You can read the words they wrote but you cannot perceive the tone they wrote it in....I dont think this is helpful and may dismiss candidates that are otherwise perfect except when Watson analyzes them.
Another commenter mentioned http://watson-um-demo.mybluemix.net/demo above, so I threw this together in bash for reddit comments. Bit more of a pain that entering a username, but if you take this:
run it in bash, then run redcom <user>, it should throw all your comments into <user>-redcom.txt which you can then copy/paste to http://watson-um-demo.mybluemix.net/demo
Yeah, I think it's worth keeping in mind it's scoring you based on your comments on a particular kind of site which tends towards certain kinds of interactions.
Does Watson internally use observations drawn from this study[1]?

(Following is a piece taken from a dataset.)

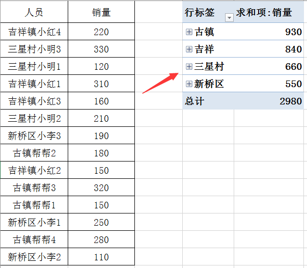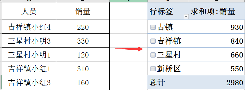 大家请看范例图片,按照地图分组,在数据源不整理的情况下,也可以利用透视表汇总结果。

And another question---is this applicable to non-native English speakers? Do they acquire the same language habits as if English was their mother tongue?

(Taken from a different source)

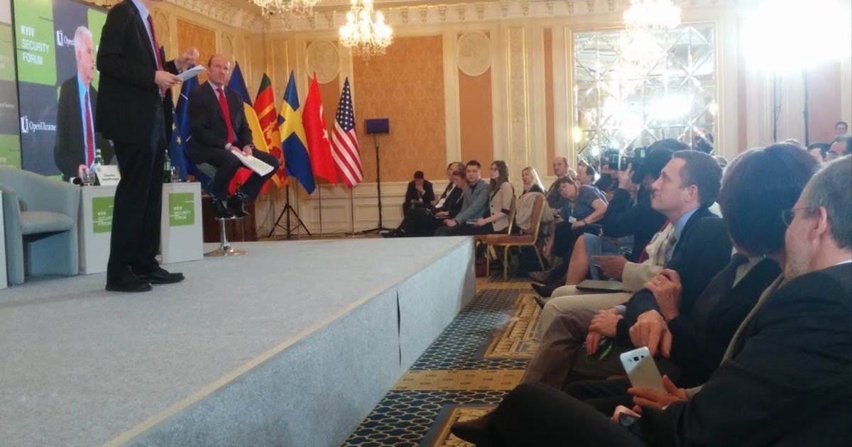 Виступ генерала-майора Анатолія Петренка (Генштаб ЗСУ, до березня 2016 - військовий представник України при НАТО)Президент України Петро Порошенко не з'явився на Форум. Народні депутати його теж проігнорували. Хоча у п'ятницю, у другий день роботи, зал засідань парламенту був традиційно більш ніж наполовину порожнім. Представники Старої Європи теж не приїхали висловитися з безпекових питань. Основні ідеї державними діячами та експертами-приятелями України зафіксовані і повторені. Але, як то кажуть, наші проблеми залишаються нашими проблемами. Проблеми індіанців, як мовиться, шерифа не цікавлять. А дарма.

See my response to minimaxir above about additional documentation coming soon, and a link with good background info on the technology. Meanwhile, here are brief descriptions of the Big 5 Personality traits:
Big 5 Personality:
- Openness - associated with curiosity,
intellect, and an appreciation for art and adventure
- Conscientiousness - associated with organization and
industriousness
- Extraversion - associated with positive and outgoing
attitudes toward other people
- Agreeableness - associated with compassion and
cooperation toward other people
- Emotional Range - associated with a sensitivity to negative emotions
For more information on systematic associations between personality and individual differences in word use, please refer to studies like Tal Yarkoni, "Personality in 100,000 words: A Large scale analysis of personality and word use among bloggers", 2010
When the service first came up on the front page, I punched in some personal writings from my journal into it. Comparing my results from that to this HN assessment is like night and day. The HN assessment shows me as highly intellectual, imaginative, and adventurous, with a strong value for self-enhancement. The personal stuff showed me as being much more emotional, with a huge emotional range, because—surprise, surprise—I tend to write more about emotional parts of my life in my journal than on HN comments.
While this service might be useful to get a broad sense of people for marketing purposes, using it on an individual basis is like talking to a fortune teller—it could tell you nearly anything about yourself, and you'd be able to come up with an explanation to justify it.